Provided data:
---------------

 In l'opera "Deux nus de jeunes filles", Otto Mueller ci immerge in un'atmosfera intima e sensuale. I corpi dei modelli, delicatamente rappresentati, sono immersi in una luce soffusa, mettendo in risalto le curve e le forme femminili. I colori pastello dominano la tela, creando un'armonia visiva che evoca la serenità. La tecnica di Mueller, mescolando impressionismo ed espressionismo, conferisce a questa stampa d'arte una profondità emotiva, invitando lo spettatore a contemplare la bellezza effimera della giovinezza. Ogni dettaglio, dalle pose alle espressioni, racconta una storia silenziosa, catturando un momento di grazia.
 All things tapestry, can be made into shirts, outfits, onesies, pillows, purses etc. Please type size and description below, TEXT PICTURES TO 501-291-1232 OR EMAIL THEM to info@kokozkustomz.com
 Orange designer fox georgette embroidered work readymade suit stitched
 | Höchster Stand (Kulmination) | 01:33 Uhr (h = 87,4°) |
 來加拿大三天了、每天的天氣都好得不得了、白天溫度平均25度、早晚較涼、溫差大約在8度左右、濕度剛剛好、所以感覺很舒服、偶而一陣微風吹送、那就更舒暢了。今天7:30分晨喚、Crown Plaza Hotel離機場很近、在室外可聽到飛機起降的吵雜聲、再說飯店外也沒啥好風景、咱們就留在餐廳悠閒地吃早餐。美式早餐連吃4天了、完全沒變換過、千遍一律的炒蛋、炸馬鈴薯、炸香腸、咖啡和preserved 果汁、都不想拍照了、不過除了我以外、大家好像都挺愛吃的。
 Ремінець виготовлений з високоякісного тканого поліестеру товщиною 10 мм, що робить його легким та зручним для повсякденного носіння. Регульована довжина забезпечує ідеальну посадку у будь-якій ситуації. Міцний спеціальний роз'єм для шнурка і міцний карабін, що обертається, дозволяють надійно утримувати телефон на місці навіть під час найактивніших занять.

---------------

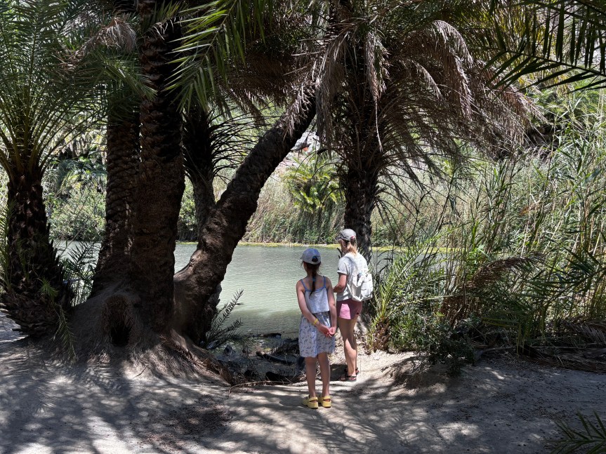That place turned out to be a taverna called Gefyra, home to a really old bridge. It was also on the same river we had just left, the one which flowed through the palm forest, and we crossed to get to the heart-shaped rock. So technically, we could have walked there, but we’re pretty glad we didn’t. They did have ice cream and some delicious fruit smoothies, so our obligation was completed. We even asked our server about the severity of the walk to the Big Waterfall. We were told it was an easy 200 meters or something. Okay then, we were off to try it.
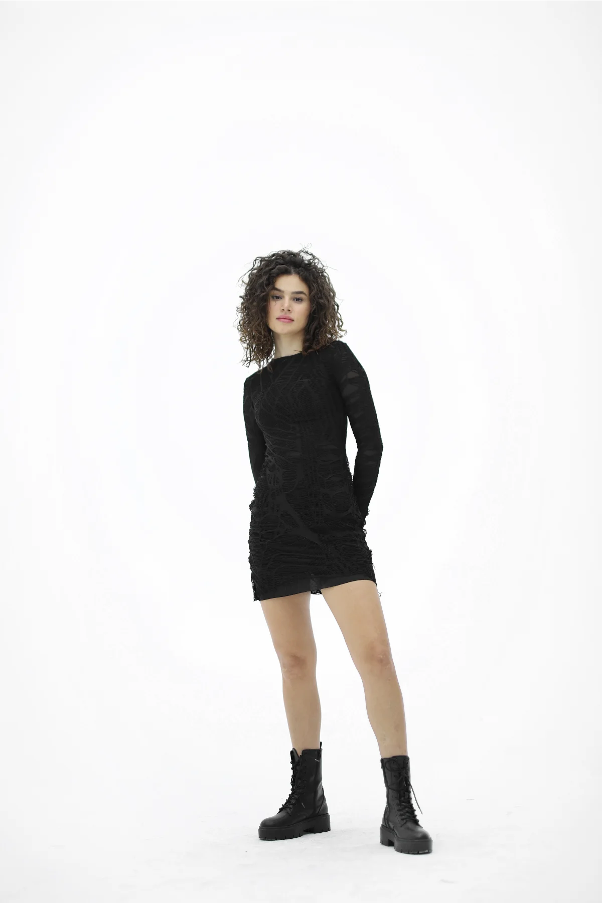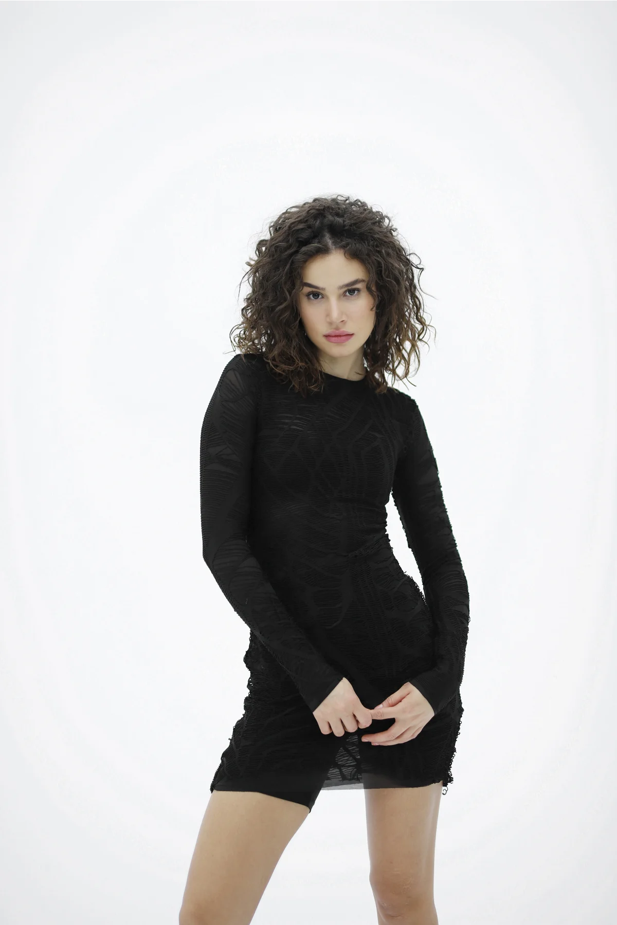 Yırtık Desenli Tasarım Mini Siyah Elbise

---------------

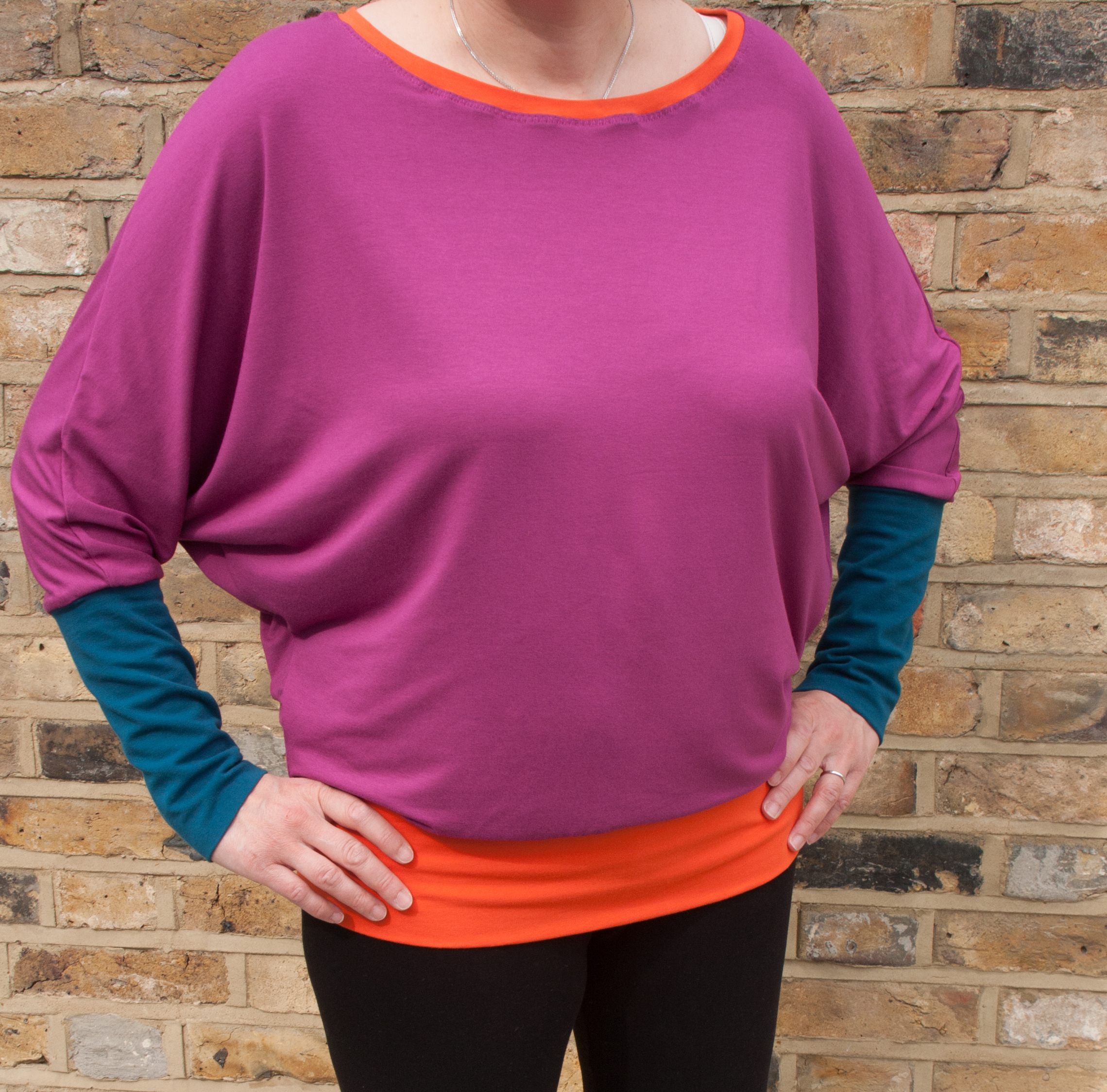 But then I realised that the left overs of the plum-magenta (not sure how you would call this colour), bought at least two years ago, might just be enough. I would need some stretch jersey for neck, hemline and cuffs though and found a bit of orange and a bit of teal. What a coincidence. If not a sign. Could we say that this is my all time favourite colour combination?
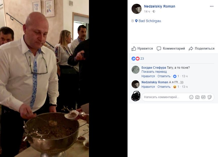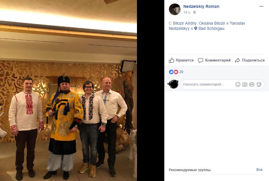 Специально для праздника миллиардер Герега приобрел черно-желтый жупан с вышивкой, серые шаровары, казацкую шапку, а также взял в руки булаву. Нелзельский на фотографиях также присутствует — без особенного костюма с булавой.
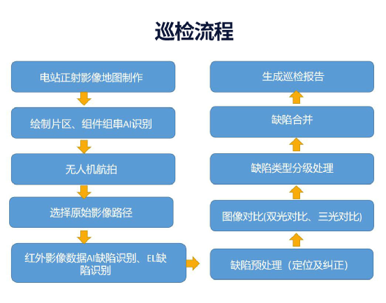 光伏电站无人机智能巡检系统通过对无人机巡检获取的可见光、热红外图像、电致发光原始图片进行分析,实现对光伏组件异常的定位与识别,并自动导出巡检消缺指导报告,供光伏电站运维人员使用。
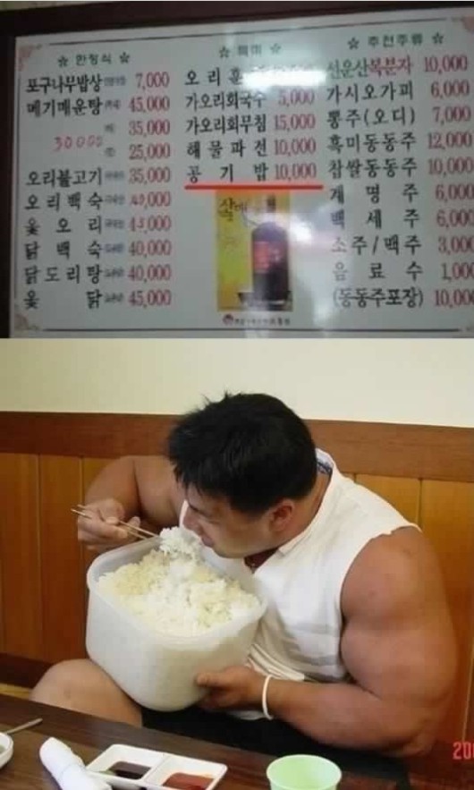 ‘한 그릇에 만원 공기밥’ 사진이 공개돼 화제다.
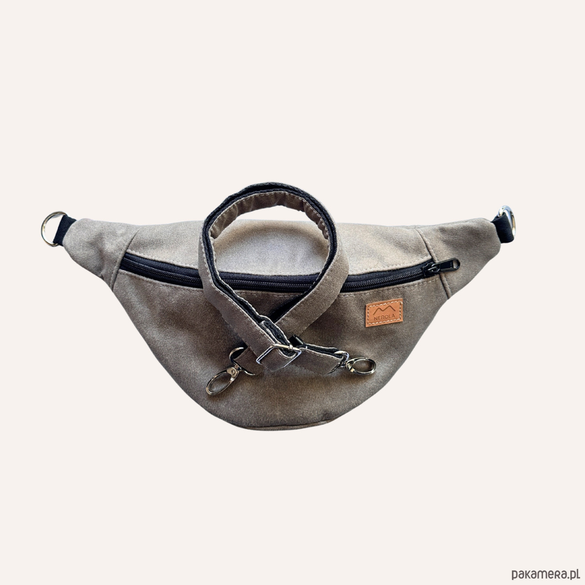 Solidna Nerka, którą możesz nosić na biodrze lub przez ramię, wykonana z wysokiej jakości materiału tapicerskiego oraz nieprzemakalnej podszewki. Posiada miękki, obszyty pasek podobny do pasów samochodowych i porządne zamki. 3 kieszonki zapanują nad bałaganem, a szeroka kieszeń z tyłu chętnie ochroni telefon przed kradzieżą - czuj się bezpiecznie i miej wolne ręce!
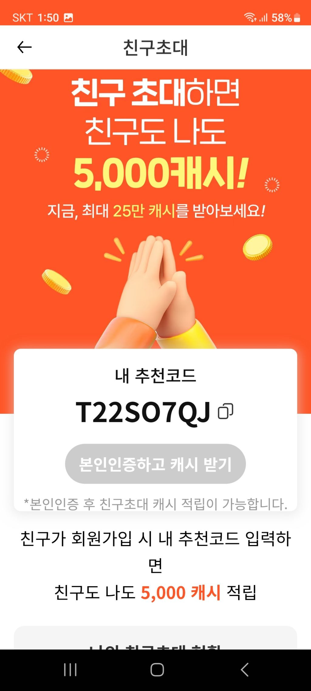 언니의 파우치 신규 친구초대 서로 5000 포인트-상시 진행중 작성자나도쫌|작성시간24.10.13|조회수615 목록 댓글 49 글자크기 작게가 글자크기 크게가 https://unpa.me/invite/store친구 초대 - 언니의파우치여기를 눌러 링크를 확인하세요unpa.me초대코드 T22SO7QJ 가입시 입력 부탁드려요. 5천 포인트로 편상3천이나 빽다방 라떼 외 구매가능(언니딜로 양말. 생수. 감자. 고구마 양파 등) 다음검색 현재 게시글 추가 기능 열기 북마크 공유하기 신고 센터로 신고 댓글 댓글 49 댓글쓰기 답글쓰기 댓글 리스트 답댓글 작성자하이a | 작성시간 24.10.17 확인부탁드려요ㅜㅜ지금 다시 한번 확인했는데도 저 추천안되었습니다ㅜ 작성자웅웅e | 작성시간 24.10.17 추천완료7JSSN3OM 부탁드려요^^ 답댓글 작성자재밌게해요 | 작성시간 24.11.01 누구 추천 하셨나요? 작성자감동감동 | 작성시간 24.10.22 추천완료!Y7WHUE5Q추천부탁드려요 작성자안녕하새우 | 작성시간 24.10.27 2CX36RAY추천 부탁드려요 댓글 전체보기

---------------

What this task involves:
Without the pictures, give again exactly the lines above starting at the line containing "That place turned" and ending at the line containing "Yırtık Desenli Tasarım Mini Siyah Elbise".

Response below:
That place turned out to be a taverna called Gefyra, home to a really old bridge. It was also on the same river we had just left, the one which flowed through the palm forest, and we crossed to get to the heart-shaped rock. So technically, we could have walked there, but we’re pretty glad we didn’t. They did have ice cream and some delicious fruit smoothies, so our obligation was completed. We even asked our server about the severity of the walk to the Big Waterfall. We were told it was an easy 200 meters or something. Okay then, we were off to try it.
 Yırtık Desenli Tasarım Mini Siyah Elbise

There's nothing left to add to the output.